WORK ORDER:
Exactly as they appear, please output the lines from the one with "Design Your Own" through the end of the material, without pictures.

PROVIDED DATA:
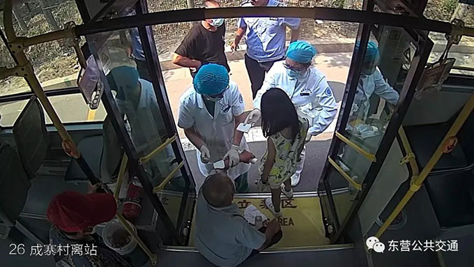 救人后的孫建強仔細檢查了三人的傷勢,“由于電動車側翻擠壓,大爺胳膊受傷,被扎了玻璃碴子,大娘腰部受傷,小女孩的眼睛受了傷,腿也受了傷,我就趕緊撥打了120?!蓖瑫r,孫建強向所在車隊匯報了遇到的突發情況。車隊領導當即表示,安頓好車內乘客,先救傷者。在等待救護車到來的時間,孫建強從公交車上拿了些衛生紙和礦泉水,簡單幫三人清理了傷口。23日的東營正是高溫天,氣象臺發布了高溫紅色預警,當天的氣溫最高達到了41攝氏度,非常炎熱,“我們的公交車上都開著空調,我就把他們扶到公交車上休息。”救護車很快就來了,醫護人員在給傷者進行包扎的時候,孫建強一邊安撫老人,一邊向老人詢問要不要幫忙聯系家人,老人告訴了他村里書記的電話。經聯系,村大隊書記表示立即安排相關人員跟進。
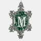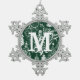 Design Your Own Custom Monogram Pewter Snowflake Ornaments by adding your own monogram initial to this green doodled Christmas tree pattern background. These make great personalized gifts.
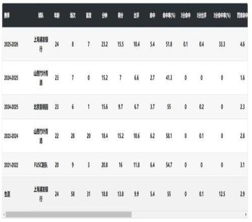 除了21-22赛季是大学生联队之外,刘禹彤实际上是2023-24赛季才开始征战WCBA,上赛季她在山西、北京场均都只有15分钟,本赛季刘禹彤终于获得了稳定的登场时间,这也是她生涯新高的场均得分时间。

YOUR SOLUTION:
 Design Your Own Custom Monogram Pewter Snowflake Ornaments by adding your own monogram initial to this green doodled Christmas tree pattern background. These make great personalized gifts.
 除了21-22赛季是大学生联队之外,刘禹彤实际上是2023-24赛季才开始征战WCBA,上赛季她在山西、北京场均都只有15分钟,本赛季刘禹彤终于获得了稳定的登场时间,这也是她生涯新高的场均得分时间。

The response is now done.